Parsing Source is parsed into an abstract syntax tree.
Desugar Redundant structure from the frontend language is removed and canonicalized.
Type Checking The program is type-checked and/or type-inferred yielding an explicitly typed form.
Transformation The core language is transformed to prepare for compilation.
Compilation The core language is lowered into a form to be compiled or interpreted.
(Code Generation) Platform specific code is generated, linked into a binary.

A pass may transform the input program from one form into another or alter the internal state of the compiler context. The high level description of the forms our final compiler will go through is the following sequence:

Internal forms used during compilation are intermediate representations and typically any non-trivial language will involve several.

Parsing

The source code is simply the raw sequence of text that specifies the program. Lexing splits the text stream into a sequence of tokens. Only the presence of invalid symbols is checked; programs that are meaningless in other ways are accepted. Whitespace is either ignored or represented as a unique token in the stream.

let f x = x + 1

For instance the previous program might generate a token stream like the following:

[
  TokenLet,
  TokenSym "f",
  TokenSym "x",
  TokenEq,
  TokenSym "x",
  TokenAdd,
  TokenNum 1
]

We can then scan the token stream via dispatch on predefined patterns of tokens called productions, and recursively build up the syntax datatype for the abstract syntax tree (AST).

type Name = String

data Expr
  = Var Name
  | Lit Lit
  | Op PrimOp [Expr]
  | Let Name [Name] Expr

data Lit
  = LitInt Int

data PrimOp
  = Add

So for example the following string is parsed into the resulting Expr value.

let f x = x + 1
Let "f" ["x"] (Op Add [Var "x", Lit (LitInt 1)])

Desugaring

Desugaring is the process by which the frontend AST is transformed into a simpler form of itself by reducing the number of complex structures by expressing them in terms of a fixed set of simpler constructs.

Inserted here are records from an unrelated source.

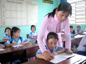 Cô Nguyễn Thị Mộng Tuyền, giáo viên Trường Tiểu học thị trấn Thới Lai 1, huyện Thới Lai đang giúp học sinh lớp 1 viết đúng quy cách. |
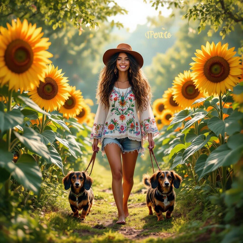 This image shows a barefoot hippie woman walking with dachshunds in a vibrant sunflower garden. Sunlight streams through the trees, creating a dreamy, nostalgic scene with botanical details.
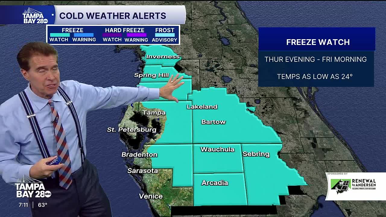 FLORIDA — Freeze Watch Thursday night into Friday morning. Temps could dip into the 20s inland.
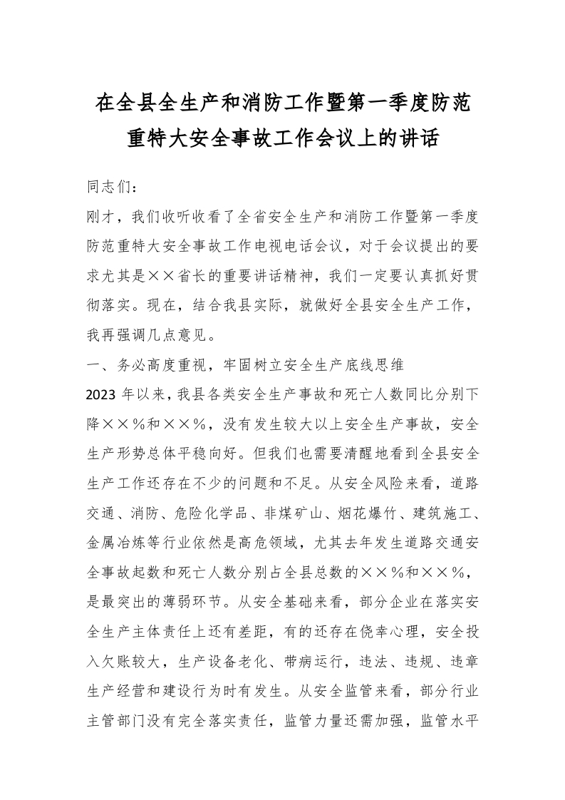 / 在全县全生产和消防工作暨第一季度防范重特大安全事故工作会议上的讲话稿
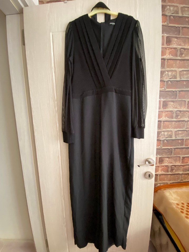Uzun siyah V yaka tulum , drapeli V yaka ve uzun kolludur kolları tüldür iç gösterir Yumuşak sentetik kumaştan, düzenli kesim ve mütevazı gotik tarzda, ofis için uygundur özel günler için uygundur
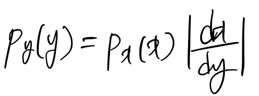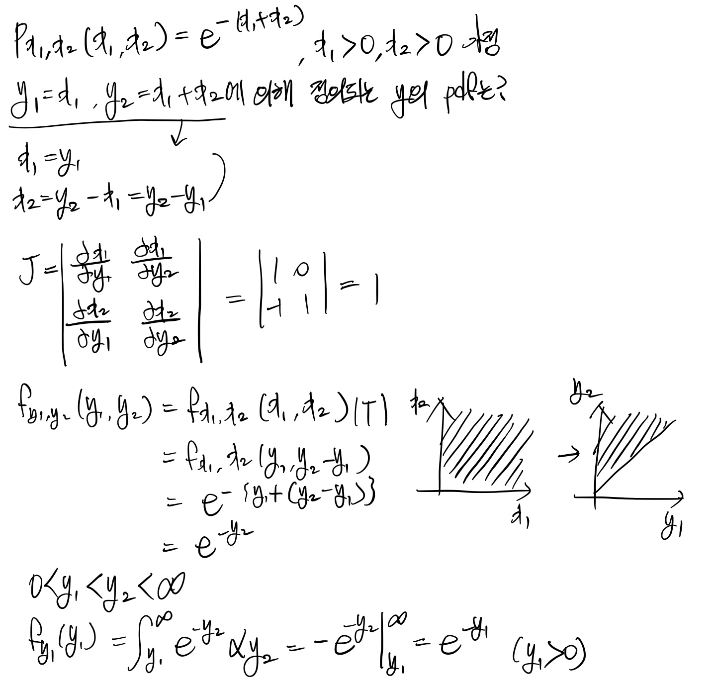 y=g(x)가 일대일변환인 경우(x=w(y)로 유일한 해를 가질때), y의 결합확률밀도함수(joint pdf)는
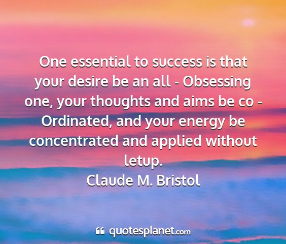One essential to success is that your desire be an all - Obsessing one, your thoughts and aims be co - Ordinated, and your energy be concentrated and applied without letup.Claude M. Bristol
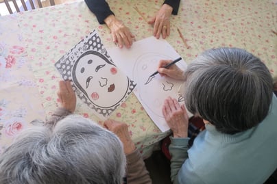紙を抑えて、見本をもって、お絵かき担当のお客様はどんどんおかめさんを描き上げていきます✨これぞ火曜日のお客様のチームワークですね♪
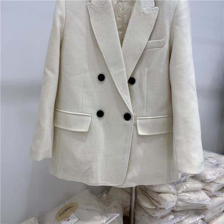 8090 clothing B21682-2 Korean version of Joker temperament double-breasted niche wool down blazer jacket women tide
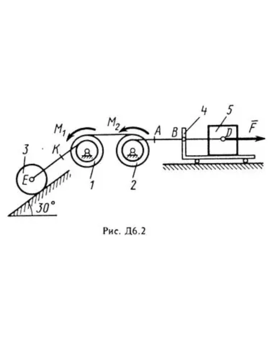 На систему кроме сил тяжести действуют сила F, приложенная к телу 4 или 5 (если тело 5 в систему не входит, сила приложена в точке В к тележке), и пары сил с моментами М1 и М2, приложенные к блокам (при М < 0 направление момента противоположно показанному на рисунке).
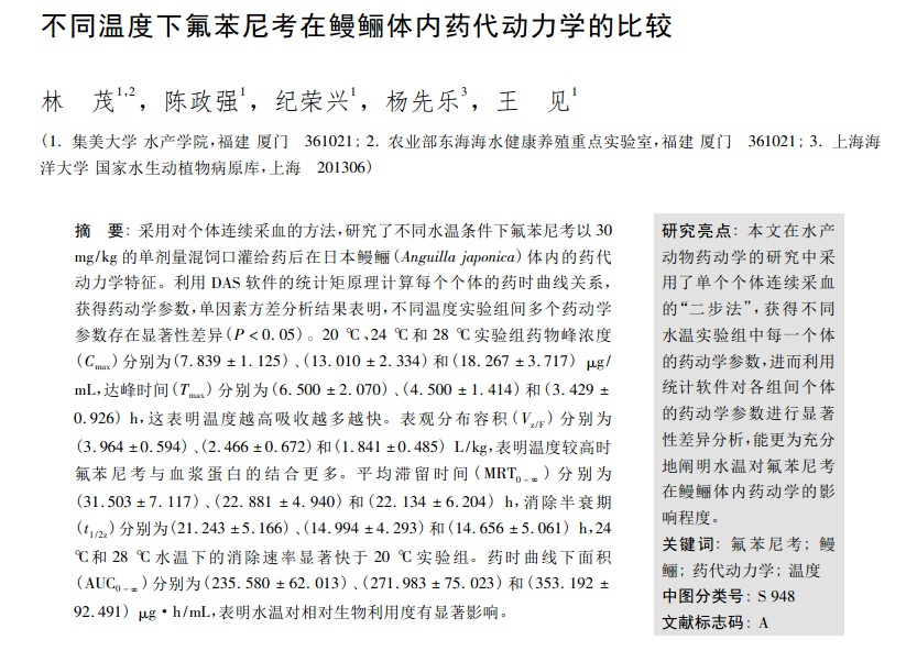 不同溫度下氟苯尼考在鰻鱺體內(nèi)藥代動(dòng)力學(xué)的比較

Haskell's frontend is very large and many constructs are simplified down. For example where clauses and operator sections are the most common examples. Where clauses are effectively syntactic sugar for let bindings and operator sections are desugared into lambdas with the left or right hand side argument assigned to a fresh variable.

Type Inference

Type inference is the process by which the untyped syntax is endowed with type information by a process known as type reconstruction or type inference. The inference process may take into account explicit type annotations.

let f x = x + 1
Let "f" [] (Lam "x" (Op Add [Var "x", Lit (LitInt 1)]))

Inference will generate a system of constraints which are solved via a process known as unification to yield the type of the expression.

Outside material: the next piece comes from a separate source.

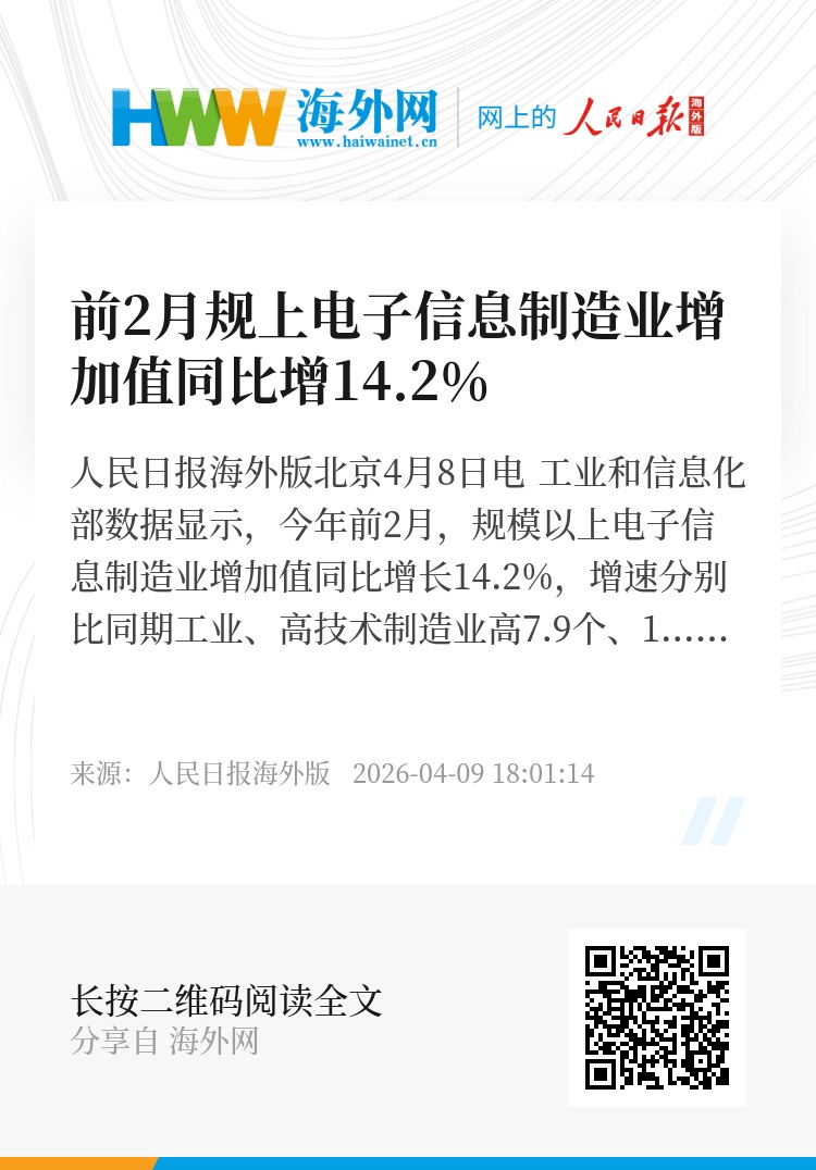 人民日报海外版北京4月8日电 工业和信息化部数据显示,今年前2月,规模以上电子信息制造业增加值同比增长14.2%,增速分别比同期工业、高技术制造业高7.9个、1.1个百分点,行业整体发展态势良好。
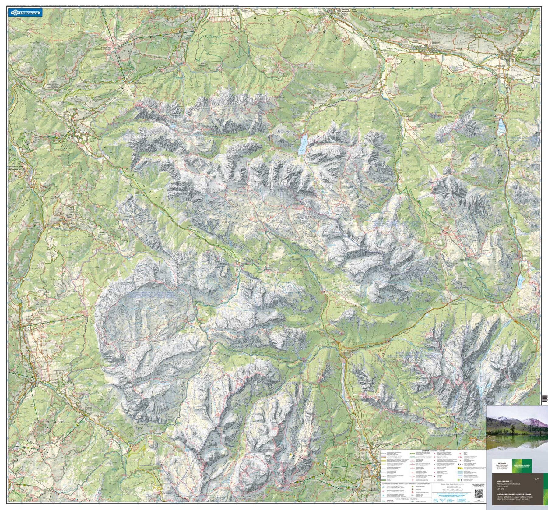 Kaarten en gidsen > Wandelen > Wandelkaarten > Europa > Zuid-Europa / Middellandse Zee > Italië > Noord-Italië > Zuid-Tirol, Dolomieten > PA-14 Parco Naturale Fanes-Sennes-Braies 4-7 | Tabacco wandelkaart

Int -> Int -> Int  ~  a -> b
b  ~  Int -> c
f :: Int -> Int

In some cases this type will be incorporated directly into the AST and the inference will transform the frontend language into an explicitly typed core language.

Let "f" []
  (Lam "x"
    (TArr TInt TInt)
    (App
      (App
        (Prim "primAdd") (Var "x"))
      (Lit (LitInt 1))))

Transformation

The type core representation is often suitable for evaluation, but quite often different intermediate representations are more amenable to certain optimizations and make various semantic properties of the language explicit. These kind of intermediate forms will often attach information about free variables, allocations, and usage information directly in the AST structure.

The most important form we will use is called the Spineless Tagless G-Machine ( STG ), an abstract machine that makes many of the properties of lazy evaluation explicit directly in the AST.

Code Generation

After translating an expression to the core language we will either evaluate it with a high-level interpreter written in Haskell itself, or translate it to another intermediate language (such as LLVM IR or GHC's Cmm) which can be compiled into native code. This intermediate language abstracts over the process of assigning values to, and moving values between CPU registers and main memory.

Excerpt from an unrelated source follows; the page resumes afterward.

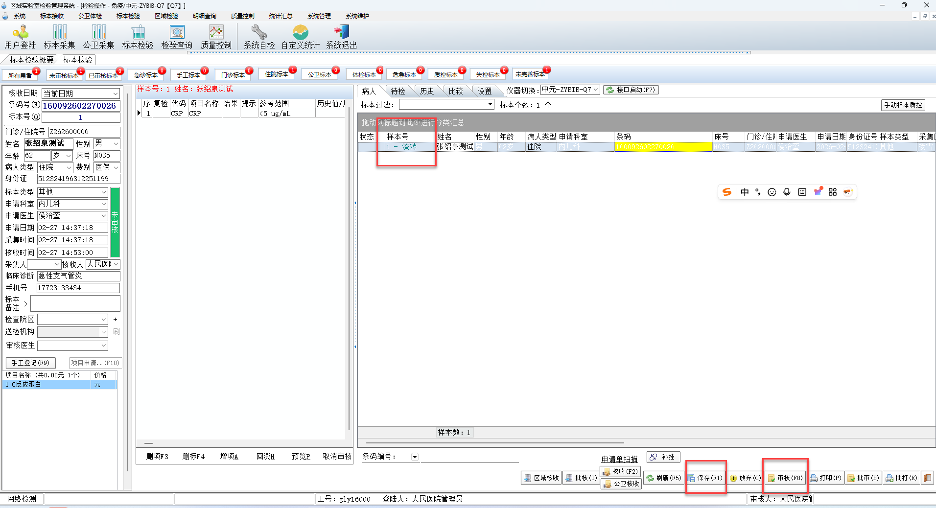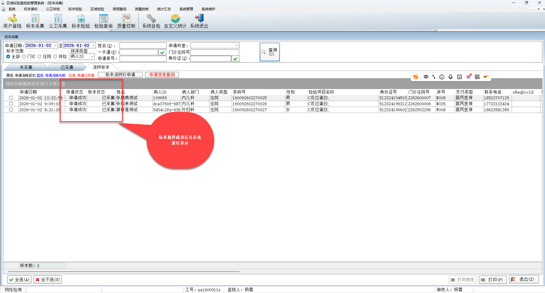 2 核收完毕后对报告进行保存和审核;如果是流转标本将会自动返回给基层医院

As an example, the let statement below would be compiled into some intermediate representation, like LLVM IR.

let f x = x + 1
define i32 @f(i32 %x) {
entry:
  %add = add nsw i32 %x, 1
  ret i32 %add
}

From the intermediate representation the code can be compiled into the system's assembly language. Any additional code that is required for evaluation is linked into the resulting module.

f:
        movl    %edi, -4(%rsp)
        movl    -4(%rsp), %edi
        addl    $1, %edi
        movl    %edi, %eax
        ret

And ultimately this code will be assembled into platform specific instructions by the native code generator, encoded as a predefined sequence of CPU instructions defined by the processor specification.

0000000000000000 <f>:
   0:   89 7c 24 fc             mov    %edi,-0x4(%rsp)
   4:   8b 7c 24 fc             mov    -0x4(%rsp),%edi
   8:   81 c7 01 00 00 00       add    $0x1,%edi
   e:   89 f8                   mov    %edi,%eax
  10:   c3                      retq